Since the mystery guest had once seen my bedroom curtains twitch and hadn't returned for six months, I simply had to do as Griff said and wait for Griff's call before coming downstairs.

This morning, despite the cold, when I was allowed down the kitchen window was wide open and the extractor fan whirring full-time.

‘I'm sorry, angel.' Griff was rubbing the table with that surface cleaner that's supposed to kill all germs. ‘Our friend X's personal hygiene leaves much to be desired.'

‘You mean, he stinks,' I said in my head. But not aloud. If it hadn't been for Griff, I might have been a female X, without X's eye for a bargain. ‘Has he brought anything interesting?'

‘You tell me.'

He unwrapped a filthy newspaper, producing a pair of tiny bowls, both with a single silver foot. I didn't need to turn them over. ‘Late-ish Ruskin,' I said. ‘Very pretty. Hallmarked Birmingham 1929. A matched pair, so we get more than twice the individual value . . . Griff, you did pay him enough, didn't you?' I asked, doing sums in my head.

‘Dear one, if I paid him enough, he'd die of alcoholic poisoning in a week. I pay what he asks, though we both – we all three – know it's not enough. But as he says, he knows if he has a problem, he can always come here.'

The obvious place to sell them was Detling Antiques Fair, our last fair before our trip to London. We might not like the site, one of the windiest in the country, but we couldn't miss the event itself. At least we had the privilege of an inside stall, but there were a lot of poor dealers who could only afford an outside pitch. Some had marquee-sized tents, plus heaters. Others just huddled like the roadside refugees you sometimes see on TV, selling stuff I honestly couldn't see why anyone should want to buy. But then, since punters collected all sorts of stuff I wouldn't have given houseroom to even when it was new and clean, I suppose they made a living.

One man who certainly made a living drifted by as I put the finishing touches to the lights on our stall. Titus Oates. Aged somewhere between forty and sixty, and so ordinary looking no one would ever manage to put together an e-fit of him, he had a stall in the darkest corner, away from the main drag. I wouldn't have described him as a mate, and he barely acknowledged my existence, but we did each other good turns occasionally.
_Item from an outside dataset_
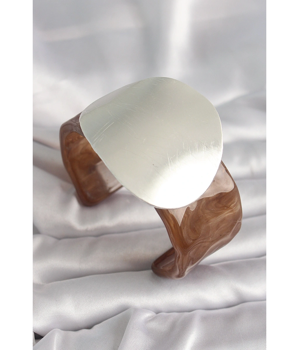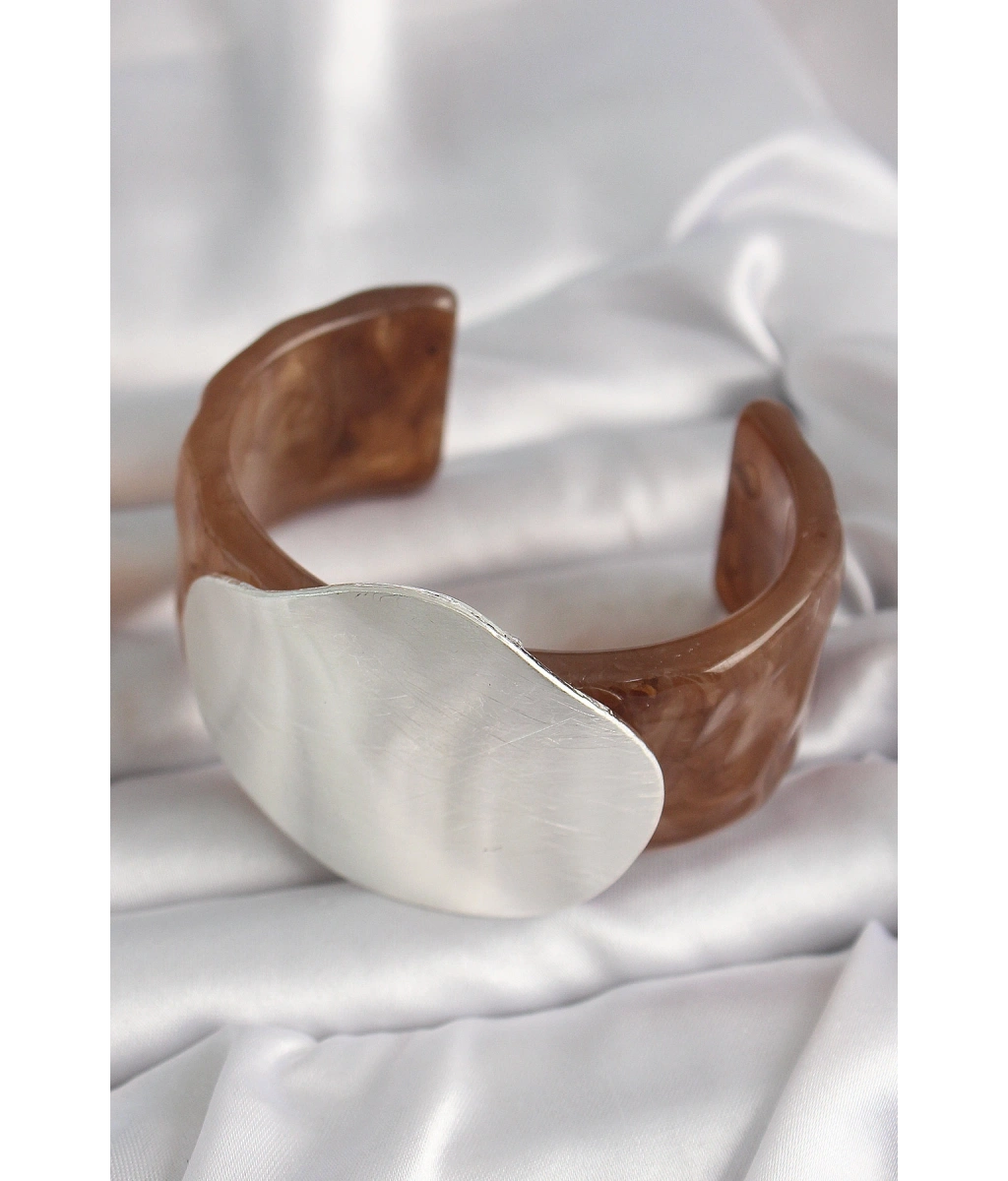 Shoecide Kahverengi Mermer Desen Akrilik Plastik Gümüş Plaka Model Vintage Kadın Bilezik

I kept schtum about his dead dodgy business; he'd tip me the wink about things I might find useful.

This time, as we nodded to each other, he touched the side of his nose. ‘Word on the street is you've lost your touch, doll. Bought a load of tat at that house clearance last week. And you're supposed to be a divvy.'

‘On a fishing trip, are you, Titus? What fetched up in the shop or in the rubbish bin is for me to know and you to keep quiet about.'

He slapped his thigh. ‘So you did get something good? I laid a fiver you would.'

‘To be honest – and I know it's a word we don't often use, Titus – I don't know.'

He narrowed his eyes. ‘Hey up, there's one of the filth over there. Don't want him seeing you and me together and doing the sums about me and your dad, do we?' He disappeared before I could agree. Master forger and Cheshire Cat, our Titus. And employer of my disreputable father, Lord Elham.